A women right's group and the opposition have now demanded action.
Police finally arrested the 30-year-old accused only after Bailancho Saad, a women's rights group, intervened earlier this month. A senior officer now claims the laxity angle is being probed, but also claims there are allegations that the woman's mother had tried selling her grandchild in the past.
While the accused is now behind bars, the account of the complainant and how the police treated her sexual assault complaints, as narrated by a leading woman activist, who facilitated the registration of FIR, is chilling.
"The accused's wife sells flowers for a living. The family was in living hell. In her complaint she has told the police about the multiple rapes on her kin. He has even raped the complainant's mother, who is 65-years-old, many times," Sabina Martins, convener of the women's group, told IANS.
The series of rape and sexual assault started after the complainant, her husband and two children, moved into a house in a Mapusa, 15 km from Panaji, where her mother, sister and daughter were already staying.
"Whenever she refused to pay up, he would not only beat her up, he would also threaten to rape her mother and sister," a woman police officer associated with the investigation said.
According to the statements recorded, the accused raped his mother in-law in the forested area at Dhargal, located 35 km from Panaji some months back. When he brought her back home in the evening, he raped her again.

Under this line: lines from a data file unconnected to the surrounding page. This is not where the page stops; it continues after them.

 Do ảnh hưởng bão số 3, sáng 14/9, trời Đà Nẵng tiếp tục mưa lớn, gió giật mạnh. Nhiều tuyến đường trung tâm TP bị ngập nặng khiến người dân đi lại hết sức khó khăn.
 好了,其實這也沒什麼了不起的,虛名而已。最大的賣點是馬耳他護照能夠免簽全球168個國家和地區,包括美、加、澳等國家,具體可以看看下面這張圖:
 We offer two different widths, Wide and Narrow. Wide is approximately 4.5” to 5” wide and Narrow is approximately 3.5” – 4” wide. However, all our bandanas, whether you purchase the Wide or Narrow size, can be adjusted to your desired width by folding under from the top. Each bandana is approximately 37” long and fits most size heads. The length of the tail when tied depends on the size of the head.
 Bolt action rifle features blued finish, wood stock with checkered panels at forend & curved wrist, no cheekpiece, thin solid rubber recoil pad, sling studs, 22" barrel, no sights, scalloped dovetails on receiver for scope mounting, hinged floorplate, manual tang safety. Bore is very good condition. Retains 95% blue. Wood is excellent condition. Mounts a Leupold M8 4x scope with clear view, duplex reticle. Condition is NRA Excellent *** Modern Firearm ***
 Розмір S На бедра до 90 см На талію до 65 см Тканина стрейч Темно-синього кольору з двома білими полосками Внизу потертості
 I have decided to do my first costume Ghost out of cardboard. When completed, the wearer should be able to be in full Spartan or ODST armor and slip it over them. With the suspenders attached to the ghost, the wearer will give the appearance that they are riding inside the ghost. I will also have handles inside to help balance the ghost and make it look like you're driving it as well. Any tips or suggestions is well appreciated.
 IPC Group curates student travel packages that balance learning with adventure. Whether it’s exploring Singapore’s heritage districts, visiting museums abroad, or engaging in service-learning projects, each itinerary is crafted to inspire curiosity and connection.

"The mother-in-law said she did not complain for months (about her rape) fearing the accused would break off the marriage with her daughter. He has also raped his sister-in-law on several occasions," the officer said, adding that the accused also raped his sister-in-law, who is mentally disabled, on several occasions.
The family also saw him naked with the daughter in bed several times, according to the official statements of the complainant and her mother.

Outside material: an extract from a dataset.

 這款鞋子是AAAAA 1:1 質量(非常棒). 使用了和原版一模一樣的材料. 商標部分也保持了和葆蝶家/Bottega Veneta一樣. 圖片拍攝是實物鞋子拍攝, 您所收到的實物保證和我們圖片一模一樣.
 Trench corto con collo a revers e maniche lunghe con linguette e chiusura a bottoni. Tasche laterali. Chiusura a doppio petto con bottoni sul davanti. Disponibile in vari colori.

According to the victim's interlocutor Martins, she was turned away by officers of the Mapusa police station, where the police recorded the serial sexual assaults as a non-cognizable complaint and also advised her to "settle" her domestic dispute with her husband.
"The first time she approached the police only a non-cognisable case was filed by the police, who dismissed the sexual assaults as domestic violence and asked the complainant to settle the issues with her husband," Martins told IANS.

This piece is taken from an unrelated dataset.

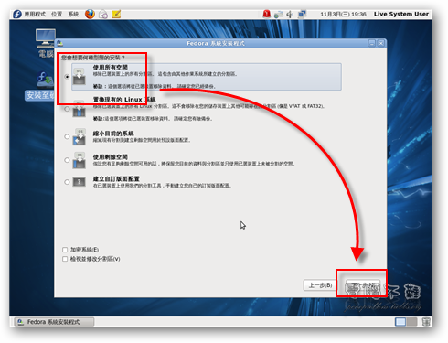 步驟十六 若電腦裡只想灌Fedora,選擇「使用所有空間」,按「下一步」。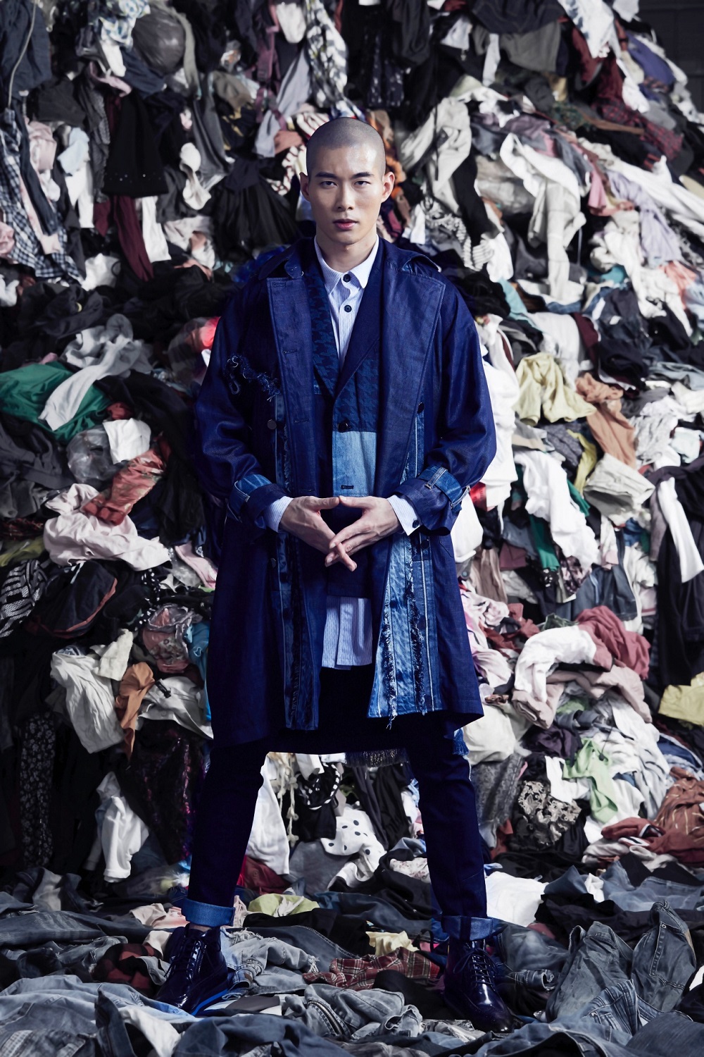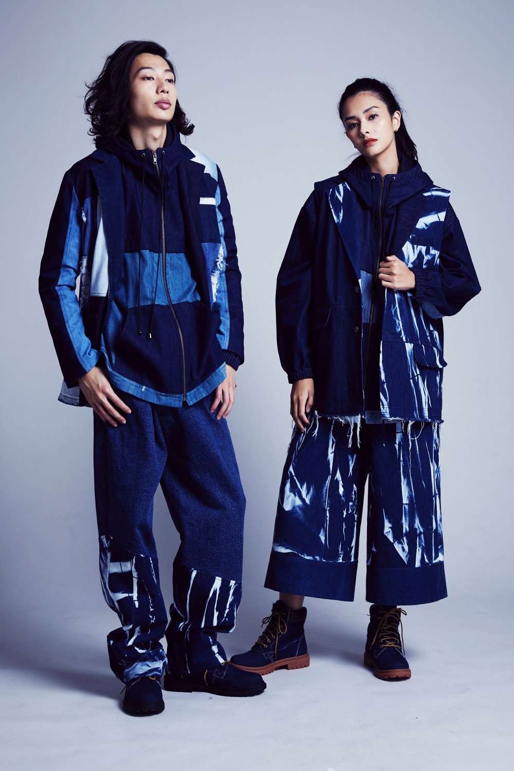 ▲時裝週走秀款-破壞拼接剪裁Kimono / 拼接不同顏色丹寧布料,採手工補丁縫製與破壞抽鬚設計。意象從消波塊與海洋、受侵襲而殘破的土地,上升到代表每個原子、每個生物終點的繁星,質問人類為何有資格恣意破壞環境。

Martins further claimed that on Sep 16, she was also turned away from the women's police station, which was started more than a decade ago especially to look into crimes against women.
When she telephoned 100, after her husband threatened to rape again, the complainant was asked to report to the local police station the next day, Martins further alleged.
While Martins has sought accountability from the police, who have tried to ignore a serious crime against women, the Congress has demanded action against the in-charge of the Mapusa police station for dereliction of duty.
"It is clearly visible that the police department has stopped working in the state and is not bothered about serving the citizens," Congress spokesperson Durgadas Kamat has said in a complaint to Director General of Police T.N. Mohan, seeking action against the officer.
In June, the Mapusa police were also accused of trying to sweep under the carpet a case in which a woman accused her neighbour of stuffing chilli powder into her private parts. A First Information Report was filed only after a public outcry.
The failure of the police to file a sexual assault complaint comes in direct defiance of a diktat by Chief Minister Manohar Parrikar, who told the monsoon session of the Goa assembly last month that his government had "zero tolerance" to crime against women. Parrikar had also assured that action would be taken against officers who refuse to register FIRs in sexual assault cases.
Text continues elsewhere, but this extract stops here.